Penggunaan glukokortikoid dengan terapi antiviral untuk herpes zoster tanpa


komplikasi masih kontroversial. Percobaan acak dan terkontrol telah metunjukkan
manfaat dari program prednisone atau prednisolon, termasuk penurunan nyeri
akut, meningkatkan kinerja kegiatan kehidupan sehari-hari, percepatan
penyembuhan dini, dan mempercepat penyembuhan. Penambahan glukokortikoid
untuk terapi antiviral belum menunjukkan dapat mengurangi kejadian neuralgia
postherpetic. Karena sifat imunosupresif mereka, glukokortikoid tidak boleh
diberikan Herpes zoster tanpa disertai terapi antiviral. Glukokortikoid harus
dihindari pada pasien dengan hipertensi, diabetes melitus, ulkus peptikum, atau
osteoporosis; Perhatian khusus dijamin dalam kasus pasien lanjut usia, yang
berada pada peningkatan risiko untuk efek samping yang serius (Cohen, 2013).

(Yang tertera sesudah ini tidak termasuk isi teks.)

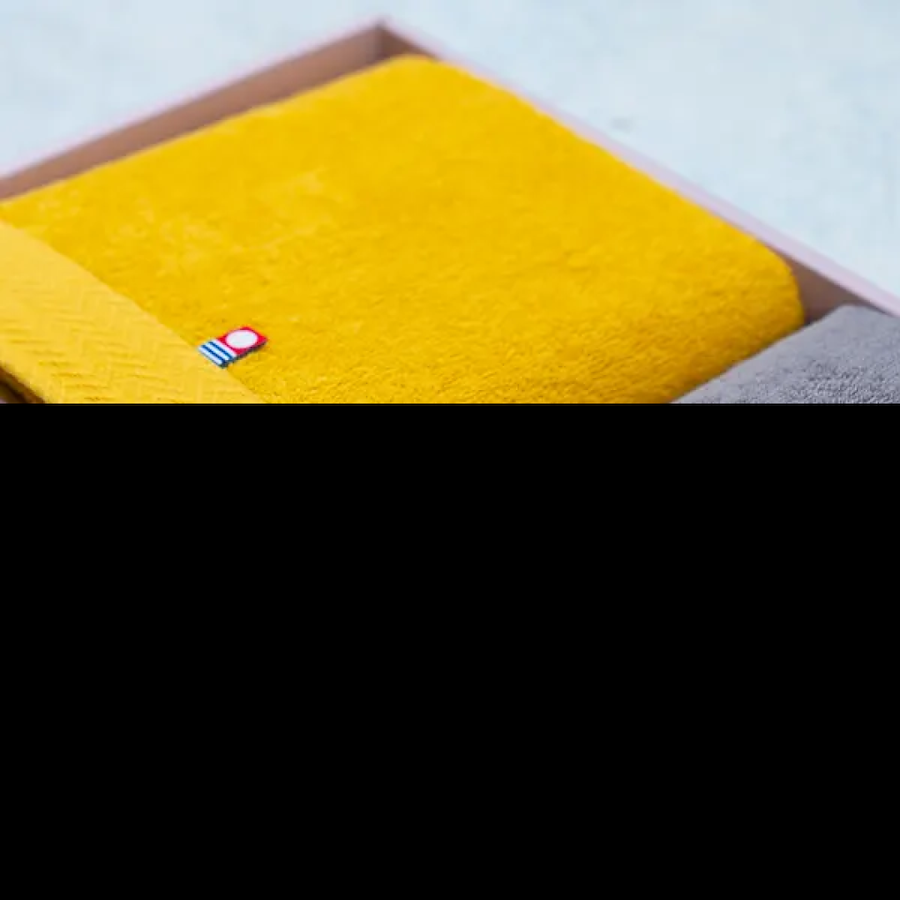 This exquisite organic cotton towel set from the renowned Imabari region of Japan is a perfect blend of happiness and calm. Featuring a cheerful mustard yellow and a sophisticated greige color, this set is designed to bring a bright, uplifting feeling to your home.
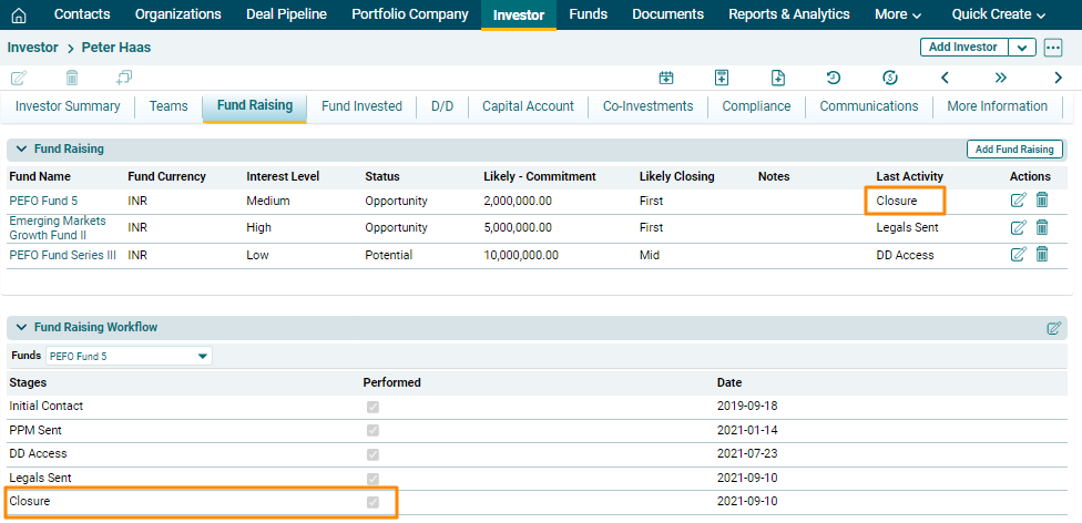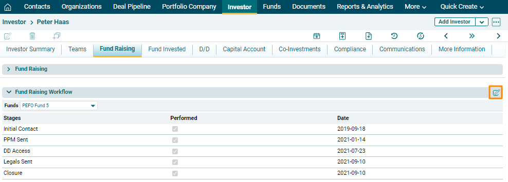 The Fund Raising Workflow panel allows you to capture the stages of fundraising that an investor goes through during the investment process in a fund.
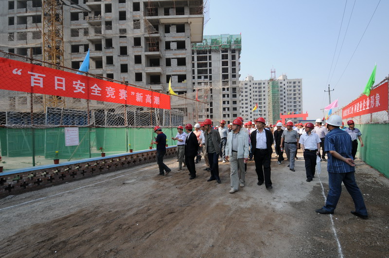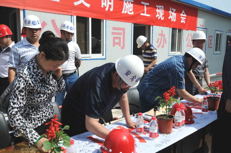 2010年6月4日,張家口住建局在我集團(tuán)六公司承建的張家口親河苑小區(qū)項目部召開了建筑施工安全文明施工現(xiàn)場會,張家口市住建局局長李義、安監(jiān)站站長張芝祥及各區(qū)縣住建局、安監(jiān)站負(fù)責(zé)人,施工、監(jiān)理單位負(fù)責(zé)人共72個單位220余人出席了會議,并在我集團(tuán)安全百日賽的宣傳條幅上了簽字。
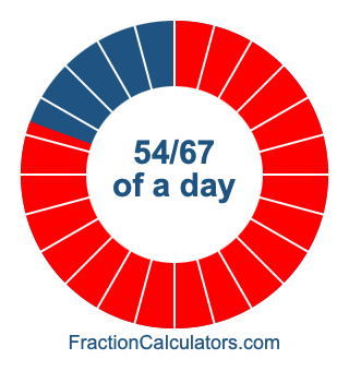 Here we will show you how to calculate exactly how many hours, minutes, and seconds there are in 54/67 of a day. We will also illustrate what 54/67 of a day looks like on a pie chart.
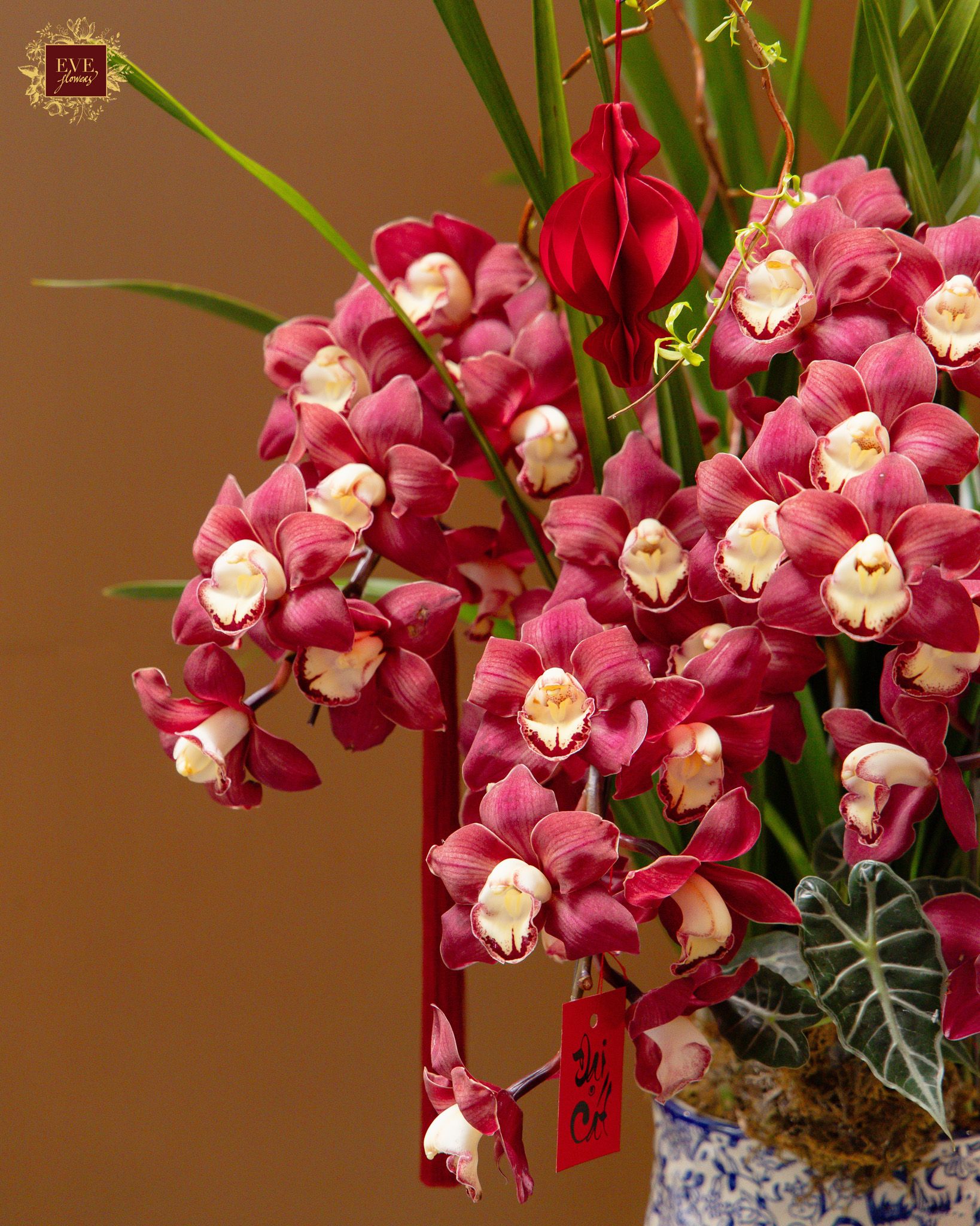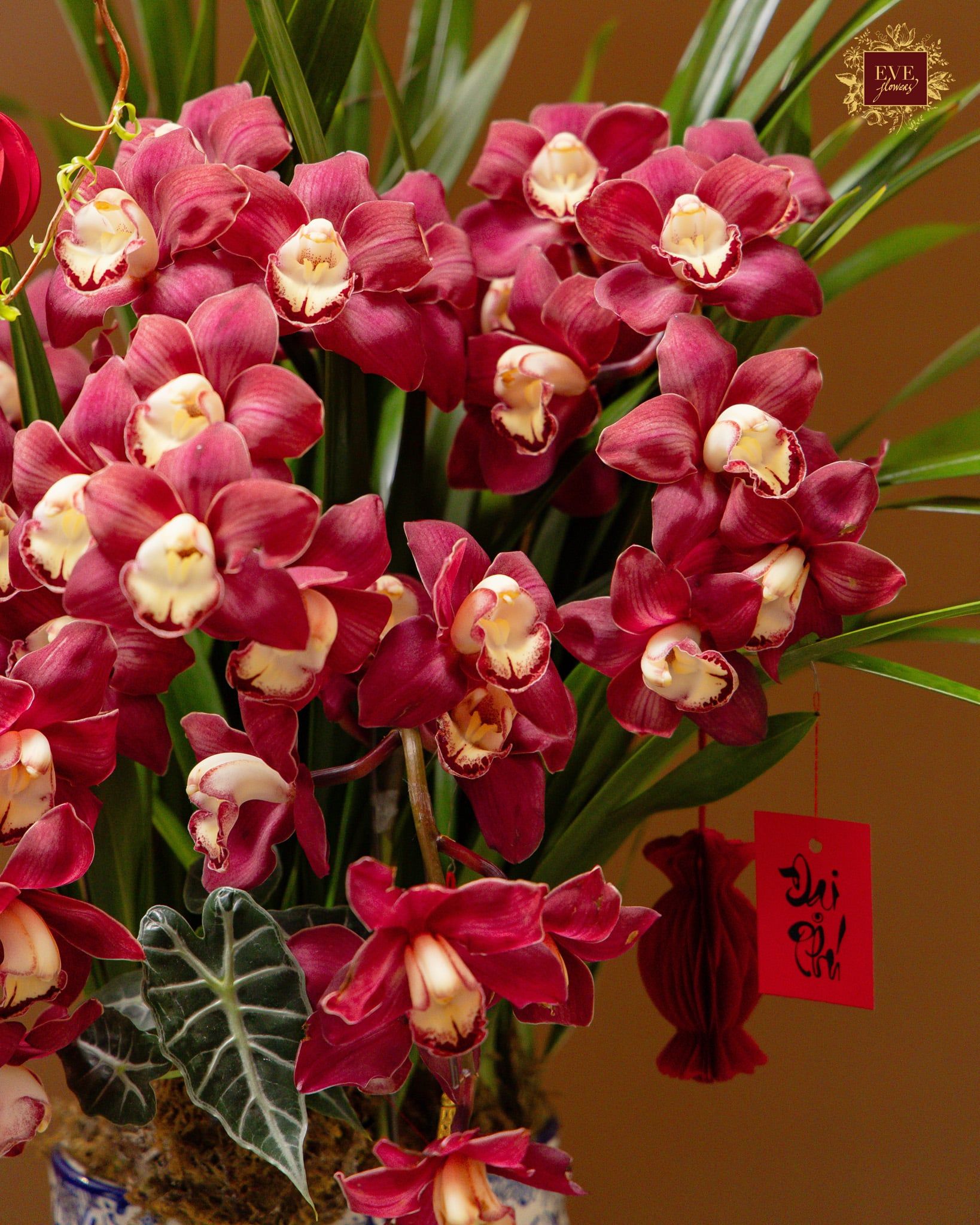 Sản phẩm được thiết kế từ địa lan kết hợp cùng nhiều loại cây xanh và phụ kiện trang trí, tạo tổng thể hài hòa và sang trọng.

Beberapa obat telah digunakan untuk pengobatan nyeri akut yang
berhubungan dengan herpes zoster. Obat antiinflamasi nonsteroid atau
acetaminophen dapat diberikan pada pasien dengan rasa sakit ringan. Opioid,
seperti oksikodon, digunakan untuk nyeri yang lebih parah yang berhubungan
dengan herpes Zoster. Opioid lebih efektif daripada gabapentin untuk herpes zoster
yang berhubungan dengan rasa sakit berdasarkan randomized control trial,
gabapentin mengurangi rasa sakit berhubungan dengan herpes zoster. Lidocaine
patch mengurangi rasa sakit yang terkait dengan herpes zoster dalam percobaan
terkontrol plasebo; Mereka harus diterapkan untuk kulit yang intak, jangan sampai
ke daerah ruam. Meskipun antidepresan trisiklik belum terbukti efektif pada uji
coba randomized control trial, mereka telah digunakan saat opioid berada tidak
cukup untuk rasa sakit (Cohen, 2013).